Structure Type Data Format Time Complexity
Sequential Search Any O(N)
Binary Search Sorted O(log N)
Binary Search Tree (BST) Any O(N) to O(log N)
Balanced BST (AVL, Red-Black) Any O(log N)
Hash Table Any O(1) average

These structures are suitable for in-memory (internal) searches where the dataset fits entirely in RAM.

Limitations for Large Datasets

When data is too large for memory (e.g., 100GB), it resides on disk. Accessing disk is significantly slower than RAM. For a balanced BST with height O(log N), performing O(log N) disk I/O operations becomes a major bottleneck. While hash tables offer O(1) average access, severe collisions can degrade performance.

To accelerate data access:

  1. Use faster storage (e.g., SSD).
  2. Reduce tree height to minimize I/O operations → Multi-way balanced trees.

B-Tree Fundamentals

A B-Tree is a self-balancing, M-way search tree designed for efficient disk access. An M-order B-Tree (M>2) has these properties:

  1. The root has at least two children.
  2. Each internal node (except root) contains between ceil(M/2)-1 and M-1 keys, and between ceil(M/2) and M children.
  3. All leaf nodes reside on the same level.
  4. Keys within a node are sorted. The k keys partition the ranges of the k+1 subtrees.
  5. Node structure: [P0, K1, P1, K2, P2, ..., Kn, Pn], where Ki are keys and Pi are child pointers. All keys in the subtree Pi are less than Ki+1.

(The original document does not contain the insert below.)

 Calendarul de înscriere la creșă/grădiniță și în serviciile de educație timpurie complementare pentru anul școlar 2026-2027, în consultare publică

Insertion Process (Using M=3 Example)

A 3-order B-Tree node can hold up to 2 keys and 3 children. For implementation ease, nodes are allocated with space for M keys and M+1 children.

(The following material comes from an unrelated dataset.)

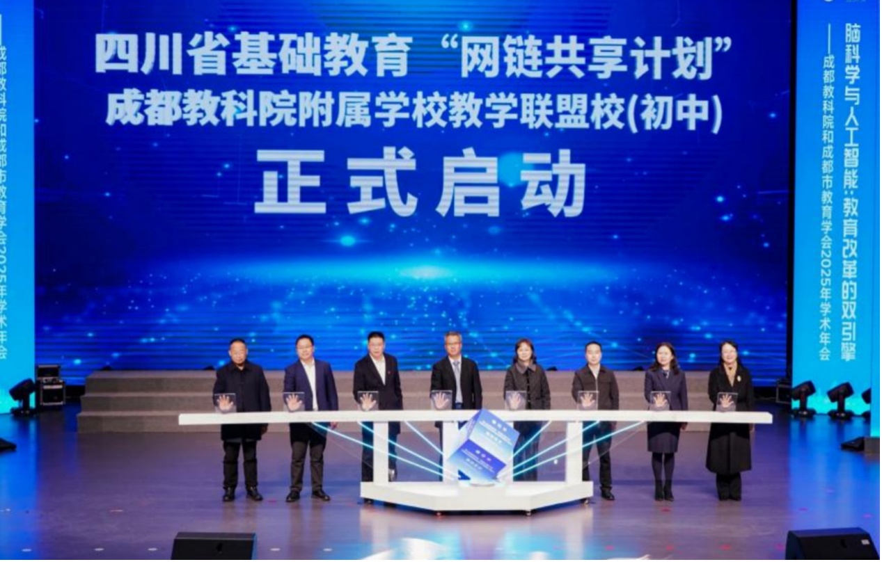 随后,会议举行四川省基础教育“网链共享计划”成都教科院附属学校教学联盟校(初中)启动仪式。该计划通过资源互联、课程共建、师资共育、数据共享打破校际壁垒,构建区域教育共同体,促进优质教育资源流动。

Insert sequence: {53, 139, 75, 49, 145, 36, 101}.

Initial inserts (53, 139, 75): Inserting 75 fills the root node (keys: 53, 75, 139). A split is required.

Splitting a Node:

  1. Locate the median key (e.g., 75).
  2. Create a new sibling node.
  3. Move keys greater than the median to the sibling.
  4. Promote the median key to the parent node (creating a new root if none exists).
  5. Adjust child pointers.

After splitting, the tree has a root with key 75, left child {53}, right child {139}.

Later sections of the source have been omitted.